Del Taco founder Ed Hackbarth makes appearance at grand opening of Corona location

The Tuesday grand opening of a Del Taco in Corona was more like a reunion.

While the family that owns the franchise was out front getting pictures taken with the Corona Chamber of Commerce, Del Taco’s founder was sitting in the dining room with members of his family. Ed Hackbarth, 85, was a player in the fast food revolution that started in San Bernardino in the 1950s. His story is intertwined with Taco Bell, Naugles, Wienerschintzel, and Bakers Drive-Thru. And it’s still unfolding.

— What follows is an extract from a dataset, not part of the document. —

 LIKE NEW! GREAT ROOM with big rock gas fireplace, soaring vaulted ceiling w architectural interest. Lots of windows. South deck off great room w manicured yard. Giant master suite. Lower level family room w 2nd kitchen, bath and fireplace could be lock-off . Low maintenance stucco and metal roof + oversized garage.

Hackbarth who lives in Dana Point, said that on Monday he was cleaning tables at Barstow No. 1, one of three Del Tacos in the desert town that he kept when he sold off the chain in the 1970s. The chain got its start in nearby Yermo in 1964, serving travelers on the way to Nevada.

“When I opened my first Del Taco in Yermo, I called it my slot machine because everybody went to Vegas. Now I call all three of them slot machines. I’ve got to keep them going.” Hackbarth got his start working for Glen Bell, of Taco Bell fame. He bought Bell’s restaurants to start Del Taco.

Hackbarth went on to mentor one of his Yermo employees, Dick Naugle, who went on to found the Naugles chain. Naugle copied his menu, Hackbarth said. “I had the foundation, but it was OK,” he said. “I don’t care about competition. It’s just every customer. How do you wait on him?”

In the 1980s, Hackbarth mentored Linda Oldfield, who has known him for 38 years and calls him a humble man. Oldfield heads CJR Restaurants, which owns the Corona franchise. Oldfield said he has recently been checking on the Corona restaurant nearly every day.

Although Oldfield’s company has five other restaurants in Los Angeles and Orange counties, this one on 2260 Frontage Road was a big deal.

Until four years ago, Oldfield had a Del Taco on the site. It was torn down in the belief that the land would be needed for the 91 Freeway expansion that was completed last year. But the family was able to rebuild five feet from the original footprint.

The new Del Taco is state-of-the-art, said Oldfield’s daughter Janice Vanderwheel, with a longer drive-through, expanded parking lot, bigger dining room, and display case for fresh, hand-prepared produce behind the cash registers.

Del Taco has a long history in Corona. Hackbarth partnered with Naugle on the chain’s first drive-through, built in 1964 on Third Street land owned by Dave Jameson, a member of a local citrus-growing family. Because of Jameson, Del Taco headquarters were in Corona for awhile.

Hackbarth was joined at Corona with sons Jerry and Eugene and Eugene’s wife Priscilla, who all have history with Del Taco. Priscilla brought a yellow headscarf that was part of her uniform as an employee.

“That was my first job,” she said. “When I was 16 I got hired in Montebello. 1978. We wore white pants. We wore a yellow apron, the same color as the headscarf.

“Shortly thereafter my husband started working there, and the rest is history.”